Я пришёл в себя минут через пять. Дома нашёлся нашатырь. Болела не только нога, но и голова, которая на ощупь оказалась перебинтованной.

— Ну, ты даёшь, брат, — настороженно хмыкнул Сашка-брательник. — Зачем же мать пугать? Она у нас одна. Это нас с тобой много, а она одна.

— Не болтай! — резко оборвала его мать. — Иди уже к себе!

— Ну, вот… То: «помоги, Саша!» А то: «Иди уже к себе!».

— Хватит! — крикнула мать. — Вы мне уже все нервы вымотали! Один — то ногу, то шею себе свернуть намерен. Дрогой издевается…

Она всхлипнула.

— Всё-всё-всё… Ухожу-ухожу-ухожу…

И Санька, пятясь задом, выполз из нашей с матерью комнаты. Я лежал на своём диване. Голова болела, нога сильно болела.

— Анальгину бы, мам. А лучше кетанова.

— Чего? Какого кетанова? Выдумал, тоже мне. Анальгин принесу. Что болит?

— Всё! — сказал я и заплакал.

— Ты что? Ты что? Женечка?

Я, услышав это её: «Женечка…», взвыл и заревел в полный голос. Нервы не выдержали. Я сто лет так не плакал. Рыдания перемежались воем, и почему-то словами: «Ай-яй-яй». Я захлёбывался соплями и слезами.

Мать тоже плакала, но скорее всего потому, что не понимала по какой причине плачу я. Сашка пытался нас вразумить, но я не то, что не слышал его, а просто не понимал его. Я вообще ничего не понимал. Голова разболелась так, что казалось, лопнут глаза. Потом во мне что-то щёлкнуло и я начал успокаиваться. Мне вдруг стало ужасно стыдно. Давно я так не плакал. Лет эдак двадцать, а то и больше.

— Шестьдесят лет мужику, а разревелся как десятилетка, — подумалось мне.

Я открыл глаза и увидел перед собой сорокалетнюю женщину. Осознав, что это моя теперешняя мать, я представил себя, которого видел в зеркале ванной комнаты и всё вспомнил. У меня даже боль прошла. Вспомнил, что я теперь снова двенадцатилетний пацан, который сегодня едва не утонул.

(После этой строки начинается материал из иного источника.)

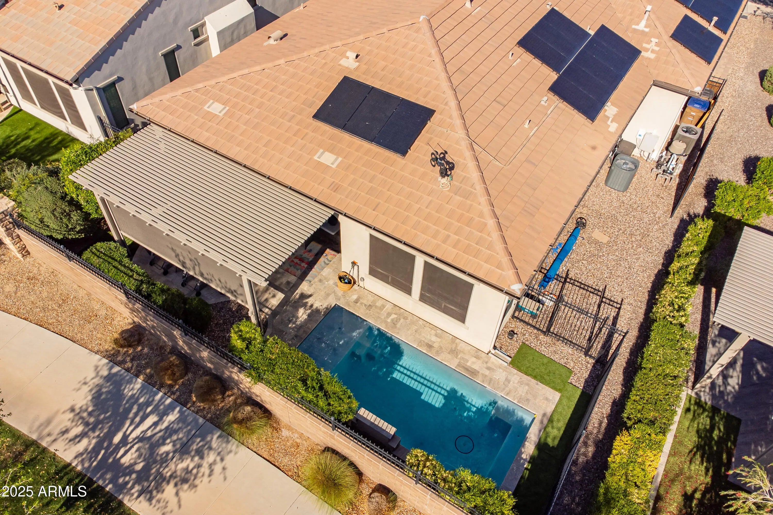 Wow, you will LOVE this beautiful Captivate floor plan, with your own private heated pool, 2 car garage PLUS golf cart garage AND PAID SOLAR!! Situated near the Algarve club with pickleball courts, bocce ball, art studio and all of the amazing things the Algarve club area has to offer. This home is beautifully appointed with a custom built in bar w/beverage fridge, Auto shades in primary suite and sliding doors in great room, tile floors, gorgeous kitchen with granite and custom backsplash. Primary bath with two separate sink areas for your own space and spacious walk-in closet. This rear yard is made for entertaining, with pergola, pool with fountain and room for guests or quiet morning coffee. This home is truly living ''The Good Life''!

— А может и утонул, малец-то, — подумал я.

Его души или сознания в теле не чувствовалось. Ни разу ничего не шевельнулось ни в душе, ни в мозгах. А я, значит, каким-то образом из своего настоящего две тысячи двадцатого года, перенёсся сюда, в тысяча девятьсот семьдесят… Какой? Всё-таки, значит, семьдесят третий, раз в памяти Женьки всплыло, что ему, то есть мне, двенадцать лет. Вот так-то… Снова в школу, мать её…

— Всё мам. Дай анальгину, — сказал я грубоватым тоном. — Прошла истерика.

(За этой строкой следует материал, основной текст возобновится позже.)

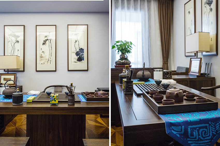室内软装设计提升餐厅的艺术装饰气氛,墙上摆放水墨画,餐桌摆放艺术花瓶。

— Да? — удивилась мать, вытирая слёзы фартуком и поспешила к раскрытому секретеру, где на откинутой дверке лежала коробка с лекарствами.

— Шустрый ты, как вода в унитазе, — пробормотал Сашка и вышел из комнаты, привкыв за собой дверь.

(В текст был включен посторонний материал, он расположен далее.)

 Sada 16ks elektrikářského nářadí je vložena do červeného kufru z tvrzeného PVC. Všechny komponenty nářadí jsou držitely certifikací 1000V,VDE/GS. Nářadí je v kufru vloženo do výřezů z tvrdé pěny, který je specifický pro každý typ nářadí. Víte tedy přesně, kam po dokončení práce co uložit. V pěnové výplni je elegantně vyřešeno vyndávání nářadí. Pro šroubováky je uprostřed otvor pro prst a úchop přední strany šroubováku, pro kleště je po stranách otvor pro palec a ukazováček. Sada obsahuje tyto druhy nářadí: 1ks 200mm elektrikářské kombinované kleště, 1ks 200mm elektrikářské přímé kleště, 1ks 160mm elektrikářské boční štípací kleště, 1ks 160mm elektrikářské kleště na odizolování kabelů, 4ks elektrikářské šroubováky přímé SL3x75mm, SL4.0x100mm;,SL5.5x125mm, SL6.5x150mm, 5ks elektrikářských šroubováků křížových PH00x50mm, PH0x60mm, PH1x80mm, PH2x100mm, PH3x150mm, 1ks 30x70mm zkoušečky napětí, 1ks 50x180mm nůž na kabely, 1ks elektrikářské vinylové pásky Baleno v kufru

Голова, как не странно, прошла быстро, то ли таблетка подействовала, то ли нервы успокоились, а вот нога заснуть не давала долго. Да, наверное, и не заснул бы я всё равно. Боль, наоборот помогала не сойти с ума, отвлекая меня от одной и той же мысли: «За что, господи? За что?».

Не нужна мне была вторая жизнь заново. Я и эту жизнь не плохо прожил и доживал себе в полном здравии и в трезвом уме. Никакие болячки особо не тревожили. Жил себе в удовольствие, имея в Москве собственную спортивную школу с собственным спортивным залом в бизнес центре «Европейский». Сам тренировался и тренировал своих инструкторов.

Вспоминая, сколько труда и лет я потратил на достижение того уровня мастерства, которого я достиг, я волей неволей скрежетал зубами. Зал тоже жалко, но и хрен с ним. Не в форме дело. Дело в содержании. По завещанию недвижимость отходила сыну, а он точно распорядиться как положено. Продолжатель дела моей жизни имелся и хоть это успокаивало.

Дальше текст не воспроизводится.